Lapatinib has been previously shown to have radiosensitizing effects in some breast cancer cell lines and patients with breast cancer [13-16]. To our knowledge, the present study is the first to report the effects of lapatinib in enhancing the radiosensitivity of bladder cancer cells in both an in vivo and in vitro model, although previous studies have shown that erlotinib [17] and gefitinib [18,19] have been studied in combination with radiation treatment for bladder cancer. In the present study, the murine MBT-2 cell line was studied, which is a cell line is derived from C3H/HeN mice with induced bladder tumors. The MBT-2 mouse bladder tumors resemble human bladder cancer histologically and are also reported to be immune competent [20,21], which were reasons for the selection of MBT-2 cell lines for in vivo studies.

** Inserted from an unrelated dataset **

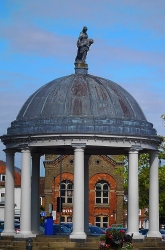 The market cross in Swaffham, Norfolk, is in the form of a circular shelter topped with a lead covered dome supported by eight plain columns with Doric capitals. The dome is surmounted by a statue of the Roman goddess of corn and agriculture, Ceres. She is depicted holding in her left hand a cornucopia filled with vegetables, and in her right a bundle of heads of corn. This market cross with its statue that harks back to pre-Christian religion does not contain or otherwise display the cross associated with Christianity.

Also, γ-H2AX is reported to be a marker of breaks in double-strand DNA [22]. An increased number of γ-H2AX foci are reported in radiosensitization studies involving EGFR inhibitors [23], which is associated with cell death [24]. The findings of this study showed that the radiosensitization effect of lapatinib was mediated by DNA damage, as shown by the presence of increased γ-H2AX foci. In a previously published study, the alkaline comet assay, a method used to identify DNA strand breakage, has been reported to assess cell survival and radiosensitivity in bladder cancer cell lines [25]. The results of the present study showed reduced cell survival and an increased number of γ-H2AX foci after combined radiation and lapatinib treatment, which indicated DNA damage. Because DNA is the key cellular target for radiation treatment of tumors, these findings support the role of lapatinib as a radiosensitizing agent for MBT-2 cells. Although these findings of this study supported that lapatinib treatment resulted in inhibition of radiation-mediated p-AKT via the HER-2 and EGFR pathway, and that combined lapatinib and radiation resulted in DNA damage, further studies are required to investigate the mechanisms involved in DNA damage in tumor cells.

Conclusions

This study evaluated the effect of lapatinib, a dual inhibitor of epidermal growth factor receptor (EGFR) and HER-2, on the radiosensitivity of murine mouse bladder tumor line-2 (MBT-2) cells in vitro and in vivo. The findings showed that lapatinib treatment radiosensitized the tumor cells by reducing radiation-induced EGFR and HER-2 activation, causing DNA damage leading to tumor cell apoptosis. These findings support a potential role for lapatinib in promoting the effects of radiation therapy, and possibly chemotherapy, in bladder cancer.